◆ **GOAL OF THE EXERCISE**: Everything in the listing below needs restating exactly, apart from the pictures.

◆ **GIVEN INFORMATION**:

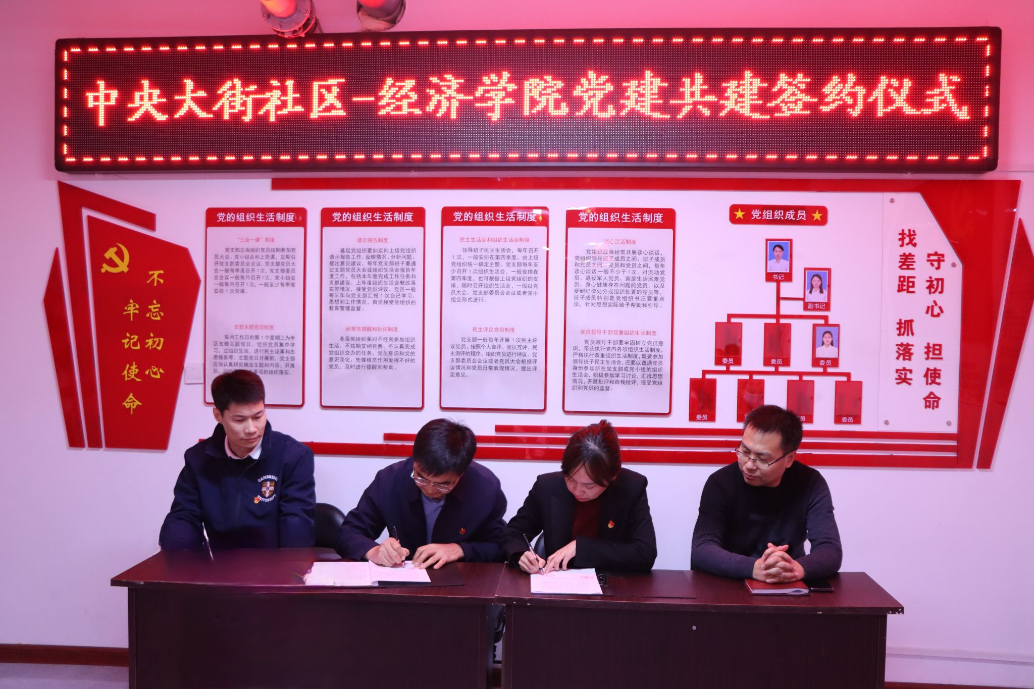 为深入学习贯彻习近平新时代中国特色社会主义思想,全面贯彻落实党的二十大精神,推进基层党组织建设,搭建学院与社区党建共建平台,形成“组织共建、党员共育、服务共抓、资源共享”的党建工作新格局。3月5日下午,经济学院与中央大街社区举行党建共建协议签订仪式。经济学院党总支书记付博文、党总支副书记梁朋,大青街道武装部部长贾春生,中央大街社区党支部书记池杨出席仪式,经济学院师生党员代表、中央大街社区工作人员、社区居民参加仪式。
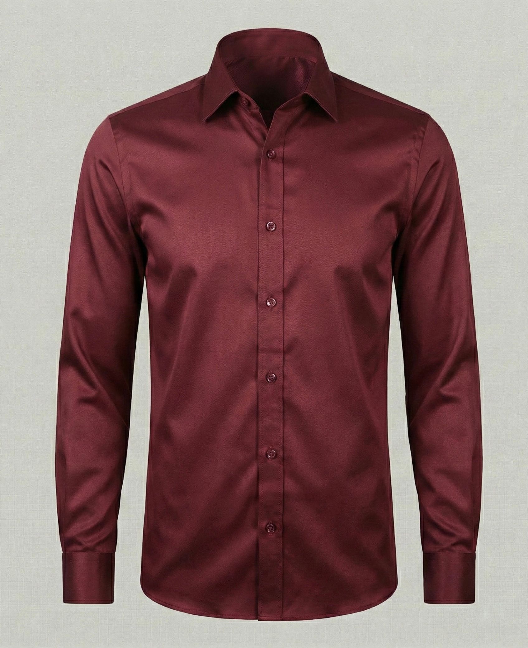 Приталенная рубашка бордового (марсала) цвета с классическим воротником и длинными рукавами (манжеты на пуговицах).
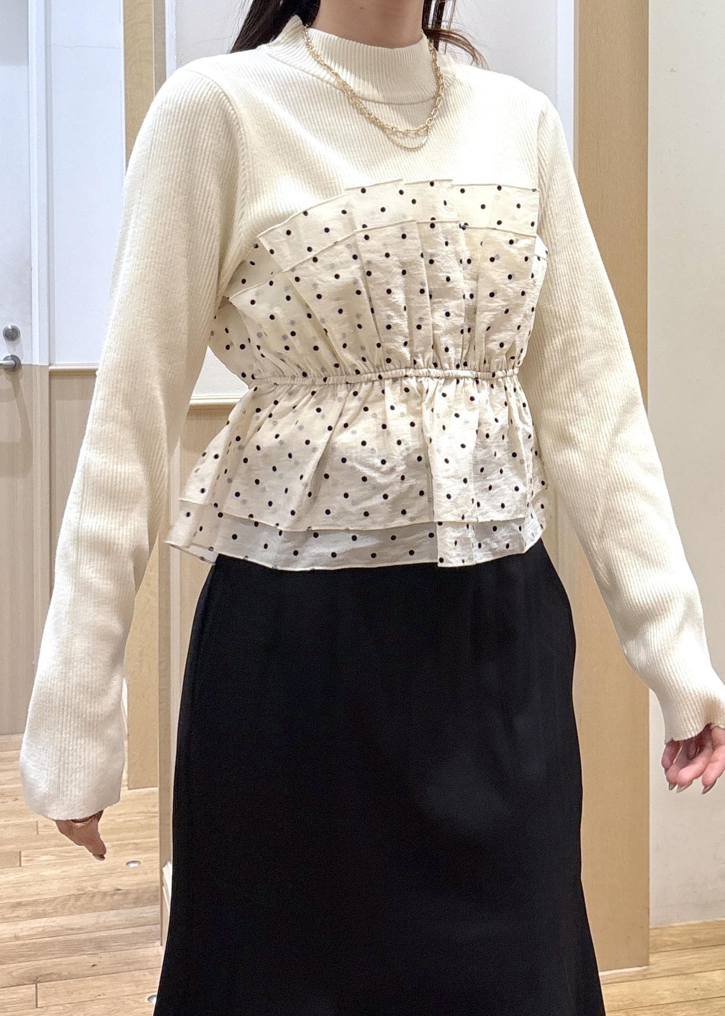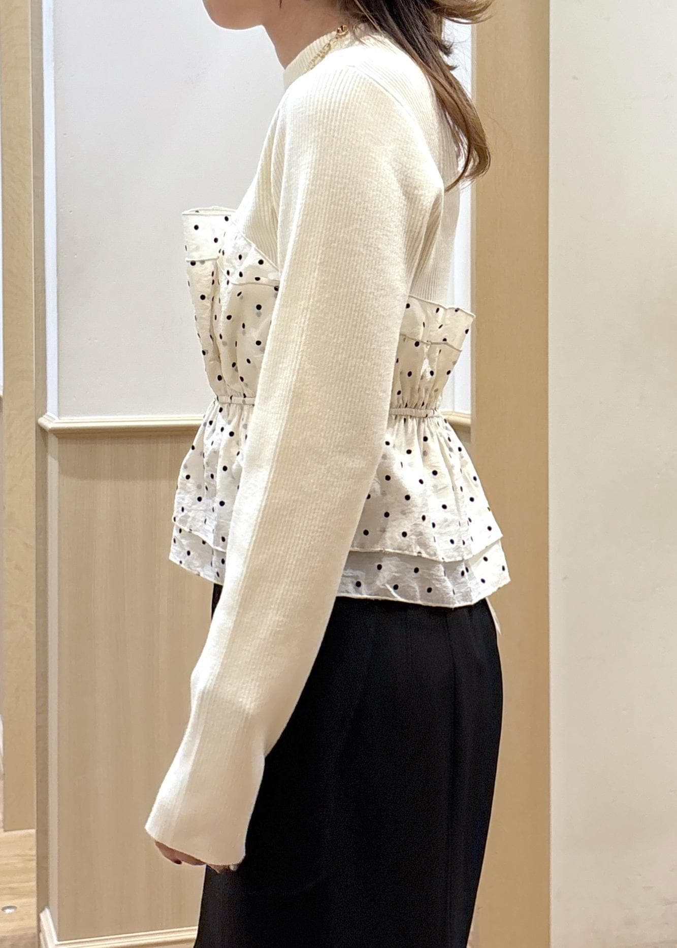 ニット生地は伸びが良く、ほどよい厚みなので秋から冬のトップスとしてしっかりあたたかく着用できます。
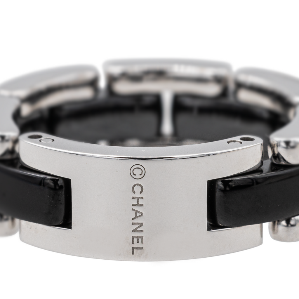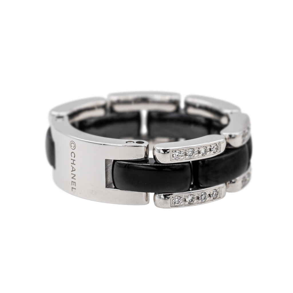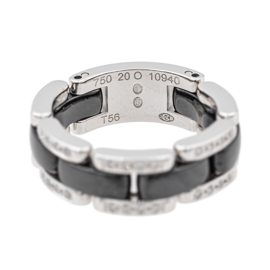 Bague signée de la Maison Chanel, collection Ultra, petit modèle, en or blanc 750 millièmes (18 carats), et céramique noire, sertie de 40 diamants, taille brillant, environ G/VS, poids total diamants environ 0,22 ct, tour de doigt : T56, numérotée 20O10940, poinçon saint Bernard, poids total : 10,71 g, excellent état

◆ **SOLUTION TO THE EXERCISE**:
 为深入学习贯彻习近平新时代中国特色社会主义思想,全面贯彻落实党的二十大精神,推进基层党组织建设,搭建学院与社区党建共建平台,形成“组织共建、党员共育、服务共抓、资源共享”的党建工作新格局。3月5日下午,经济学院与中央大街社区举行党建共建协议签订仪式。经济学院党总支书记付博文、党总支副书记梁朋,大青街道武装部部长贾春生,中央大街社区党支部书记池杨出席仪式,经济学院师生党员代表、中央大街社区工作人员、社区居民参加仪式。
 Приталенная рубашка бордового (марсала) цвета с классическим воротником и длинными рукавами (манжеты на пуговицах).
 ニット生地は伸びが良く、ほどよい厚みなので秋から冬のトップスとしてしっかりあたたかく着用できます。
 Bague signée de la Maison Chanel, collection Ultra, petit modèle, en or blanc 750 millièmes (18 carats), et céramique noire, sertie de 40 diamants, taille brillant, environ G/VS, poids total diamants environ 0,22 ct, tour de doigt : T56, numérotée 20O10940, poinçon saint Bernard, poids total : 10,71 g, excellent état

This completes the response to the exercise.